The government says it will strengthen its Smoke-free Places Act to include protections from second-hand smoke.
“We looked carefully at how we could balance the legalization of cannabis with our goals to reduce smoking of any kind,” Justice Minister and Attorney General Mark Furey said in a press release.
“A stronger Smoke-free Places Act will ensure the appropriate restrictions are in place for cannabis, when legal, and tobacco.”
Although the province already prohibits smoking in all indoor public areas and workplaces, the new rules are set to target public areas close to schools and public venues.
Violation of any of the new rules carries a fine of up to $2,000.
According to the province, the proposed amendments will include no smoking or vaping of cannabis or tobacco:
- On or within 20 metres of playgrounds located in outdoor public spaces
- On or within 20 metres of publicly owned sport and recreation venues, located in outdoor public spaces
- On or within nine metres of public trails
- In provincial parks and on provincial beaches, except within the boundaries of a rented campsite
The province says it will also prohibit the use of cannabis in vehicles. The province says any cannabis will have to be stored in a closed, fastened package and out of reach to anyone in the vehicle.

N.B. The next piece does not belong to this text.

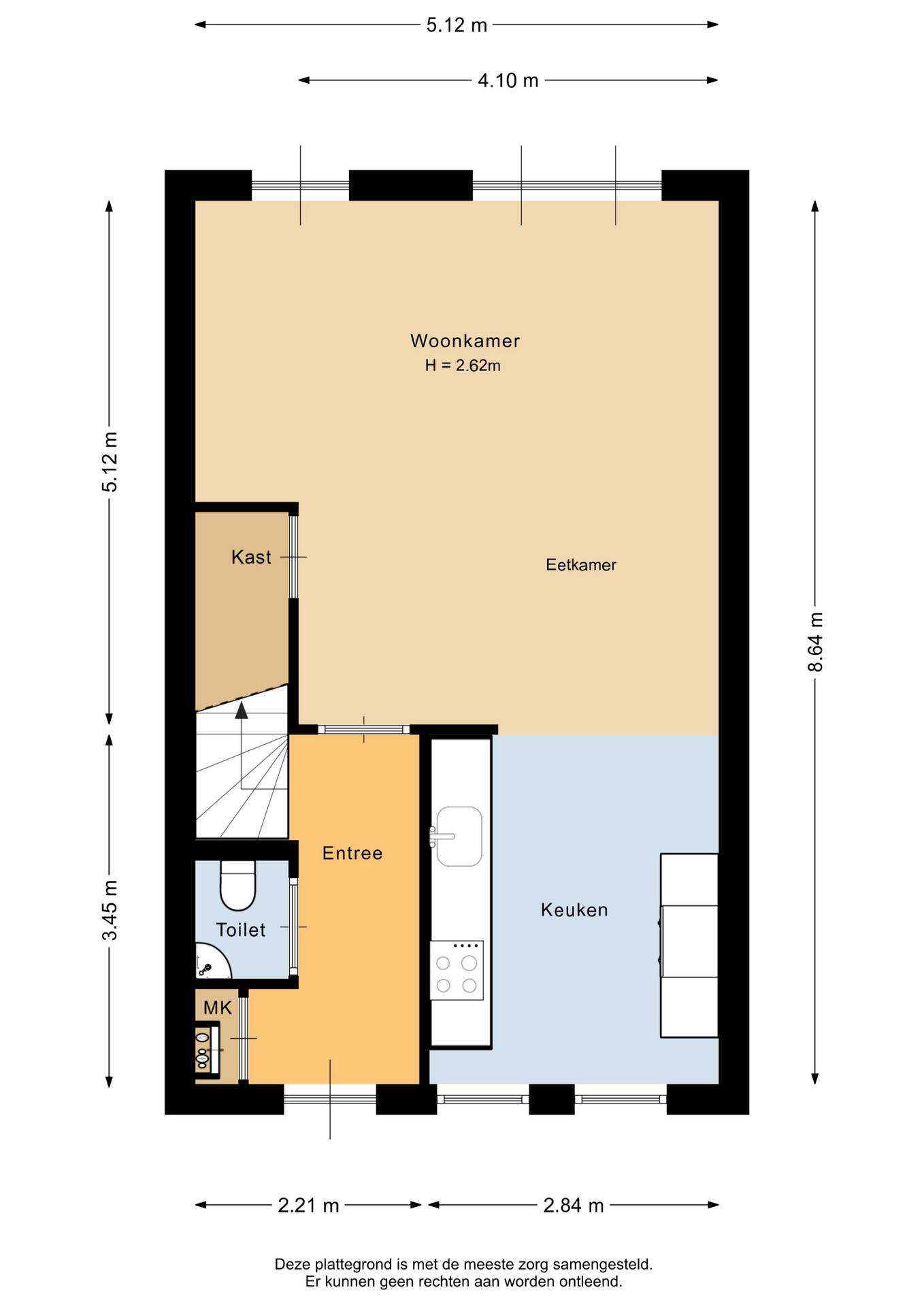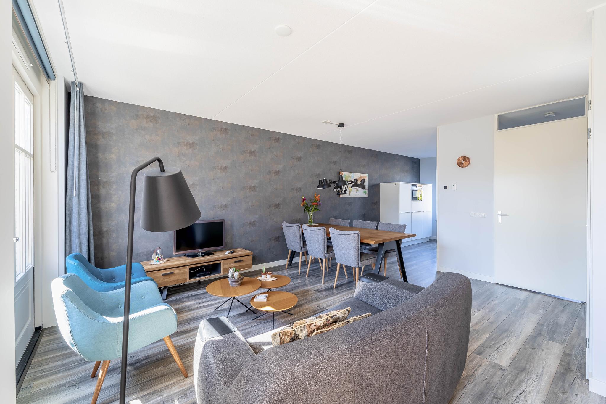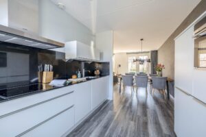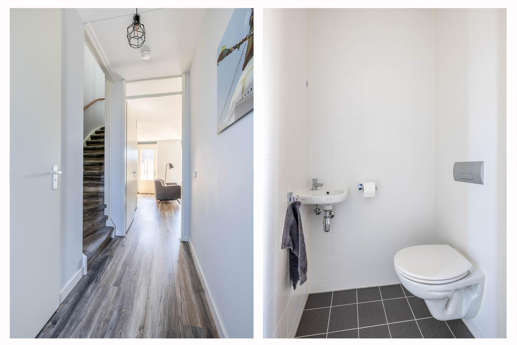 De entreehal, met meterkast, toilet en trapopgang, geeft toegang tot de woon-/eetkamer en de keuken. De gezellige woonkamer, aan de achterzijde van de woning gelegen, is voorzien van een mooie laminaatvloer, openslaande deuren en een deur naar de tuin. De grote raampartijen zorgen voor veel natuurlijke lichtinval. In het verlengde van de woonkamer is de eetkamer, met vaste kast, gesitueerd. Vanuit de eetkamer heeft u toegang tot de open keuken. De moderne keuken is voorzien van veel opbergruimte en diverse apparatuur: kookplaat, afzuigkap, combi-oven, koelkast en vaatwasser. De gehele benedenverdieping is voorzien van een laminaatvloer met vloerverwarming.

The recommendations fall in line with what the Doctors Nova Scotia has recommended, which they revealed on Monday.
WATCH: Province reveals 9 NSLC outlets where Nova Scotians can buy cannabis in July
Municipalities in the province will be allowed to enact stricter regulations if they wish to.
“We have done a lot of work over the years to make non-smoking the norm in Nova Scotia,” said Health and Wellness Minister Randy Delorey in a statement.
“With cannabis legalization on the horizon, it is right that we have expanded the number and type of smoke-free places in Nova Scotia.”
The amendments will still permit Nova Scotians to smoke or vape cannabis at home and on private property, as well as leased apartments and certain outdoor public places.